Git for Finite Element Projects

Finite Element as a Data Scientist” is my new slogan. It’s been great spending a lot of time becoming familiar with docker, git, conda, streamlit, kaggle the last few months. As life is about to become hectic again it makes sense to circle back and see how this knowledge can be applied at field of expertise.

Git Pro book

I have to brag. I read 160 pages of Git Pro. After using git for more than 10 years I knew nothing about it. As a lone developer I’ve stated before that my only use was to be able to jump between computers. With the new CI/CD paradigms it made sense to learn more about how to utilize branches for developing as part of a bigger team as well as ensuring good practices for deployment.

Using a main branch on the remote repo as ground-truth makes sense. Additional branches such as development and test branches allows for testing according to a roadmap while being able to rebase and merge any changes while still being able to jump back and forth.

File Management in Finite Modelling

Most advanced Finite Element packages works like this; you have model database which contains all the information to make jobs. This includes geometry, meshes, load cases, connections and what not – and this is only for one model. A model database file contains several.

The model database files are stored as binary, making them hard to use with Git. Based on experience the industry standard is to store several copies as a project matures. This makes it possible to revisit and branch off and branch in models as needed to keep the model database files lightweight.

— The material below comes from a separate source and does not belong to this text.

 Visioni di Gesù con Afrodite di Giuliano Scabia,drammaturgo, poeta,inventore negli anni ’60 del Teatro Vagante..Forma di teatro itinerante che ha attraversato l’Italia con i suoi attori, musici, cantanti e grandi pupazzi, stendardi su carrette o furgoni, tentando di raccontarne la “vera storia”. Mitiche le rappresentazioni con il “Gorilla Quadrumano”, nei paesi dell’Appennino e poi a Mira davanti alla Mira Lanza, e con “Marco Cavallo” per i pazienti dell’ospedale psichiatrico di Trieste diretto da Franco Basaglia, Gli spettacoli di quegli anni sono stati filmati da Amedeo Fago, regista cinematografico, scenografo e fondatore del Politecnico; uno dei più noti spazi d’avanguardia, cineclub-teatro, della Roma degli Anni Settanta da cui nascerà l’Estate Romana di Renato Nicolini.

Models have a scenario of discretized geometry that is subjected to some kind of loading over one or more steps. These are converted into “jobs” which are called input files. These files contains everything the solver needs to do it’s thing. Input files are written as ASCII and any experienced analyst can modify an input file. These files should be nice to use with git – but the key difference from source files and input files is that it contains large tables of data. Merging changes on input files can be pain.

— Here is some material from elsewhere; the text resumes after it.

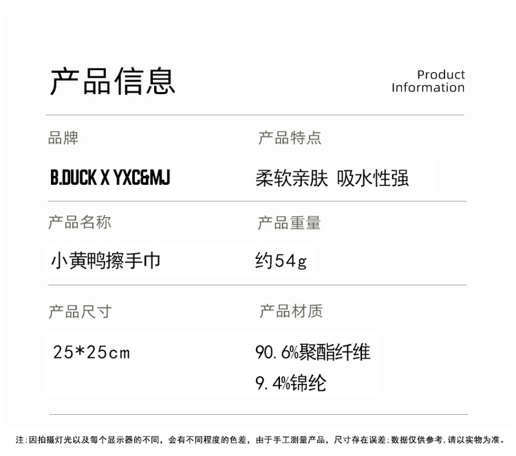 B.Duck小黄鸭擦手巾吸水可爱两条

Abaqus has – what after the best of knowledge – a unique feature. It stores all commands done in the user interface (CAE) as python. There are three different types – but the one that only contains model database changes is called the Journal File. The Journal file can be used to regenerate the model database file if it is lost. The weakness with the Journal File is that all external file references is hard-coded – meaning that full paths are stores. If a file is moved in 5 years time – you’ll manually have to edit all file references. No biggie – but it helps to understand this fact.

To summarize

  • Three types of files that are of interest. Model database (models), input file (job), Journal Files (recreate model database while providing readable python code to understand what is being done).
  • Industry standard is to copy-paste ourselves into oblivion if we don’t keep strict rules / tables that helps us stay focused.
  • Binary and Input files can be hard to use for git in terms of

Using Git with Abaqus

We’ll potentially need some tools to help us use the journal file. All the hard-coded paths must be transformed into “data folder” links. It could also help to “evolve” the .cae files by having “root” .cae file which is referenced for new .cae file which means that “root.cae + new jnl file = current” status. This technique should reduce the length of the jnl files if/when the project grows beyond difference phases. This also ensures that serial execution of jnl files works – but it requires that strict rules are obeyed.

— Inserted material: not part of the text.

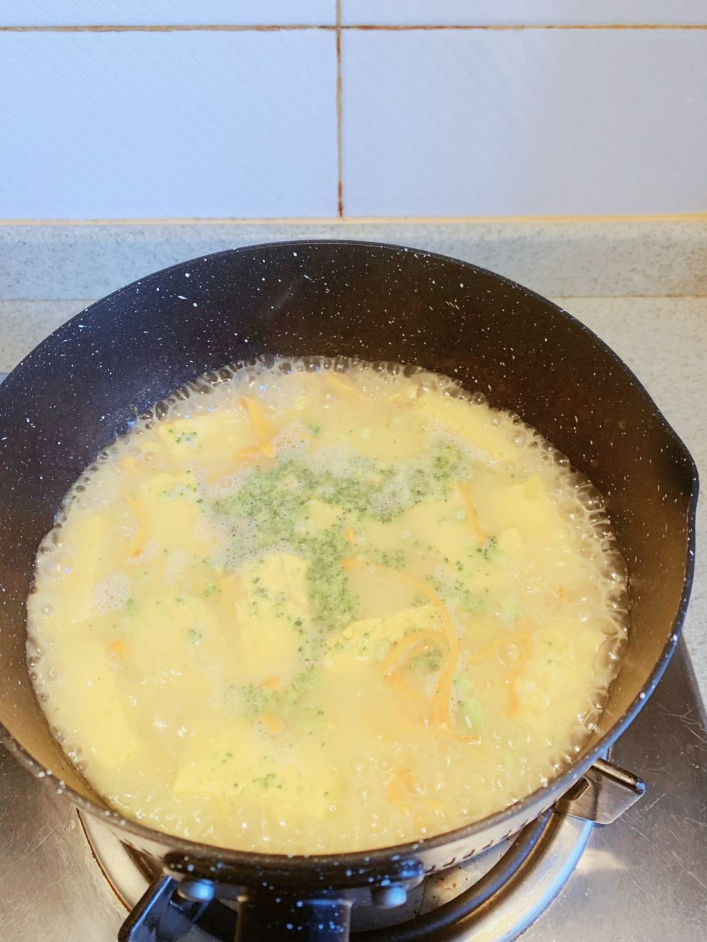 浓汤加虫草花、豆腐、西兰花煮片刻
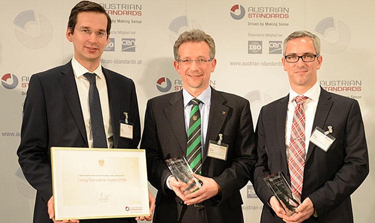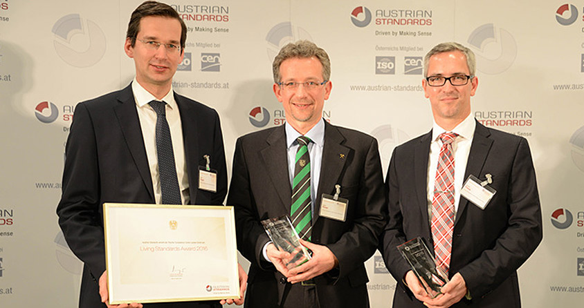 Von einem Testverfahren für Gas- und Wasserrohre über Regeln zur lückenlosen Gebäudedokumentation bis hin zu neuen Prüfmethoden für Fahrtreppen und Fahrsteige sind mehrere österreichische Standards dabei, sich international durchzusetzen. Im Rahmen des Neujahrsempfangs von Austrian Standards wurden am 20. Jänner 2016 Firmen und Organisationen mit den Living Standards Awards ausgezeichnet, die jene Normen, die sie brauchen, vorbildlich nutzen und strategische Überlegungen bestmöglich in die Entwicklung von Standards einfließen lassen.

Another alternative is to try the “Python3 library”. This would allow for the use of Jupyter notebooks which is git-friendly enough for collaboration! Definitely worth a try!

Outline of Git Experiments

CAE + JNL Files

Run a small project with a locally hosted repo. Use a main / development branch and use rules to reduce model database clutter.

Each project consists of two cae files

  • Project Models
  • Sub Models (for Development)

Finished Models are joined into Project Models for Various tasks such as Mesh Convergence studies, reporting and similar. These are the resulting models stored and/or shared for transparency.

Juypter Files using PyAbaqus

TBD

Refernece to lib:

https://pypi.org/project/pyabaqus/

I am sure that collaboration and integration of ML will benefit from a pure-python based approach – where assembly (materials, parts, sections interactions) is combined by a load-cases (surfaces/sets + loads/bcs) is the most flexible way possible to both collaborate, store models and run parametric studies.

Being able to do so in a managed way with git is only a happy bonus.